Further investigation, however, reveals that the test fails when Convert
is called:
Ploeh.Katas.FizzBuzzKata.FizzBuzzTests.One Source: FizzBuzzTests.cs line: 11 Duration: 8 ms Message: System.NotImplementedException : The method or operation is not implemented. Stack Trace: at FizzBuzz.Convert(Int32 i) in FizzBuzz.cs line: 9 at FizzBuzzTests.One() in FizzBuzzTests.cs line: 13
This is hardly surprising, since this is the current 'implementation':
public static string Convert(int i) { throw new NotImplementedException(); }
This is what the subordinate do-confirm checklist is for. Did the test fail because of an assertion? In this case, the answer is no.
This means that you're not yet done with the read phase.
Properly failing tests #
You can address the issue by changing the Convert
method:
public static string Convert(int i) { return ""; }
This causes the test to fail because of an assertion:
Ploeh.Katas.FizzBuzzKata.FizzBuzzTests.One Source: FizzBuzzTests.cs line: 11 Duration: 13 ms Message: Assert.Equal() Failure ↓ (pos 0) Expected: 1 Actual: ↑ (pos 0) Stack Trace: at FizzBuzzTests.One() in FizzBuzzTests.cs line: 14
Not only does the test fail because of an assertion - it fails because of the last assertion (since there's only one assertion). This completes the do-confirm checklist, and you're now ready to make the simplest change that could possibly work:
public static string Convert(int i) { return "1"; }
This passes the test suite.
Conclusion #
It's important to see tests fail. Particularly, it's important to see tests fail for the reason you expect them to fail.
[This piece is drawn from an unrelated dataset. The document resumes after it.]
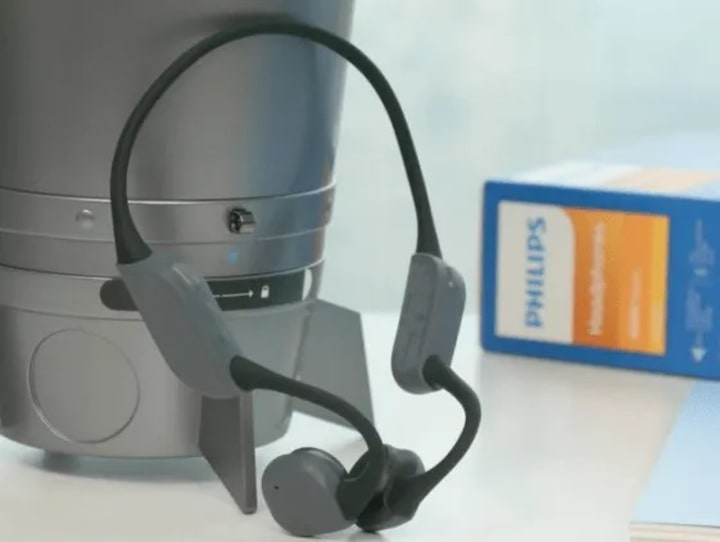 Philips A6606 has a good appearance, and its strange dark gray shape has a special sense of technology. The novel rear-hanging design is sporty. Its surface is made of silica gel, which is delicate and smooth to the touch, and its interface is also very flat. There is no doubt about Philips’ manufacturing process. The headphones’ body is made of waterproof silica gel and titanium alloy, so its weight is only 36g, and it feels very light to use. Its frame is made of memory titanium alloy, which can be stretched and bent repeatedly. It is specially designed for fun run mode and equipped with LED fun run warning lights.

You'd be surprised how often you inadvertently write an assertion that can never fail.
Once you've seen the test fail for the proper reason, make it pass.
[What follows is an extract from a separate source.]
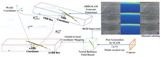 Global-to-local coordinate mapping. Establish our global-to-local inspection methods. After collecting surface RGB-D images, we label surface defects as shown in the right column using the same color as Figure 3. Using ORB-SLAM to generate images pose and global point cloud and register labeled images to point cloud. After that, use Equation (1) to transform points from the global coordinate to AABB coordinate. Finally, scale the AABB box to the neural radiance field bounding box. (The coordinate origins of OBB box and AABB box are coincident. For the convenience of observation, they are drawn separately in the figure).

Finally, refactor the code if necessary.
Comments
I remember the first time that I realized that I did the red step wrong because my test didn't fail for the intended reason (i.e. it didn't fail because of an assertion). Before that, I didn't realize that I needed to This is a nice programming checklist. Thanks for sharing it :)
If I can be a Devil's advocate for a moment, then I would say that code can always be improved and few things are necessary. In all honesty though, I think the refactoring step is the most interesting. All three steps include aspects of science and art, but I think the refactor step includes the most of both. On the one hand, it is extremely creative and full of judgement calls about what code should be refactored and what properties the resulting code should have. On the other hand, much of the work of how to (properly) refactor is laid out in books like Martin Fowler's Refacoring and is akin to algebraic manipulations of an algebraic formula.
In other words, I feel like there is room to expand on this checklist in the refactor step. Do you have any thoughts about you might expand it?
Tyson, thank you for writing. I agree that the refactoring step is both important and compelling. I can't, however, imagine how a checklist would be useful.
The point of The Checklist Manifesto is that checklists help identify avoidable mistakes. A checklist isn't intended to describe an algorithm, but rather to make sure that crucial steps aren't forgotten.
Another important point from The Checklist Manifesto is that a checklist is only effective if it's not too big. A checklist that tries to cover every eventuality isn't useful, because then people don't follow it.
As you write, refactoring is a big topic, covered by several books. All the creativity and experience that goes into refactoring doesn't seem like something that can easily be expressed as an effective checklist.
I don't mind being proven wrong, though, so by all means give it a go.